L’article en lui-même est habilement construit : une première partie dresse un historique en apparence impartial des évènements qui agitent le Venezuela depuis maintenant plus de quinze ans. La seconde partie est un plaidoyer contre le gouvernement de Nicolás Maduro, qui se conduirait de plus en plus comme un pouvoir oppresseur des classes populaires, en rupture avec la direction donnée par le défunt président Hugo Chávez. La conclusion pose la nécessité d’un changement de gouvernement. Dans cette montée en puissance argumentative, l’auteur déploie un certain nombre de « faits » pour aboutir, implacable, à cet appel à la sédition des classes populaires à l’encontre de la révolution bolivarienne. Analysons ces faits un par un.
La gauche française contre la géopolitique sud-américaine
Le premier grief soulevé par l’auteur concerne la politique étrangère du gouvernement vénézuélien sous « l’ère Chávez », c’est-à-dire son soutien à Kadhafi et à Bachar Al-Assad « en dépit des répressions sanglantes qu’ils perpétraient contre leur peuple ». Cette ligne de fracture entre la « gauche » française et les mouvements socialistes sud-américains n’est pas nouvelle. Alignés sur les positions de l’OTAN, la gauche et l’extrême-gauche française se font systématiquement les relais de la propagande médiatique mondiale en soutenant le renversement de régimes qui « oppriment leur peuple ». Or, tout démontre que ces régimes n’ont pas « opprimé leur peuple » mais qu’ils se sont défendus contre une attaque de l’OTAN, exécutée par djihadistes interposés. D’ailleurs, la situation en Libye est-elle meilleure aujourd’hui qu’elle ne l’était avant les bombes de l’OTAN ? Où sont la liberté et la démocratie qui ont été promises à ces peuples ? Aussi introuvables semble t-il que les 200 milliards de réserves en dollars que possédait la Libye sous l’ère Kadhafi. De riche, ce pays est devenu endetté, puisqu’en plus de voir ses richesses pillées au nom des droits de l’Homme, il doit maintenant rembourser les bombes qui ont servi à ce hold-up ! La position du NPA et du Front de Gauche, analogue à celle de BHL, ne résiste pas à l’épreuve de la vérité. Les faits sont têtus et donnent raison à Hugo Chávez.

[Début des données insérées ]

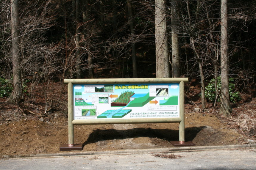 田んぼと水資源の役割の看板です。 野洲川ダムに行くと幼少期の自然を感じます。 山間と川の水はほんとすばらしい

D’ailleurs, emprunts du racisme latent propre à la gauche de Jules Ferry, les pourfendeurs de la politique étrangère d’Hugo Chávez invoquent systématiquement son supposé « anti-impérialisme primaire », résumé par la phrase : « les ennemis de mes ennemis sont mes amis ». Avec ce simple adage, ils prétendent expliquer les rapports géopolitiques de l’Amérique du Sud avec le monde, comme si les dirigeants de ces pays n’étaient pas capables de fonder leurs positions sur autre chose qu’un raisonnement binaire. En réalité, bien loin d’être décidée avec légèreté, la politique étrangère d’Hugo Chávez correspondait à une vision géopolitique profonde et cohérente, construite autour de la promotion d’un monde multipolaire, voire même « multinucléaire », et sur la critique de la domination d’une hyper-classe sur le monde, laquelle domination se fonde sur la spoliation des richesses des Nations et sur la diabolisation de ceux qui y résistent. C’est ce que les Sud-américains appellent « l’anti-impérialisme ». Et le fait qu’Hugo Chávez ait nommé son ministre des Affaires étrangères, Nicolás Maduro, comme successeur à la tête du Venezuela démontre l’importance capitale que revêtait pour lui cette ligne géopolitique, indissociable de l’ensemble idéologique bâti par le défunt président vénézuélien et que l’on appelle le « chavisme ». Inutile donc d’applaudir son socialisme mais de dénoncer sa ligne géopolitique ou son nationalisme : ces trois éléments forment ensemble un tout indivisible.
L’épineuse question de la corruption
La seconde critique formulée par l’auteur concerne la corruption qui gangrène le Venezuela et notamment les hautes sphères de l’État, créant une catégorie de fonctionnaires supposément richissimes et que l’opposition a baptisée « la bolibourgeoisie ». Là, l’auteur semble découvrir l’eau chaude et s’indigne de cette corruption que tout État sud-américain, révolutionnaire ou non, a du mal à maîtriser tant les institutions en sont imprégnées depuis des siècles. Mais ici, l’auteur insinue que Nicolás Maduro protégerait, à l’ombre des instances étatiques, des hommes dont il serait de notoriété publique qu’ils sont corrompus. Et il désigne nommément Diosdado Cabello, président de l’Assemblée nationale, en tant qu’emblème de cette forfaiture.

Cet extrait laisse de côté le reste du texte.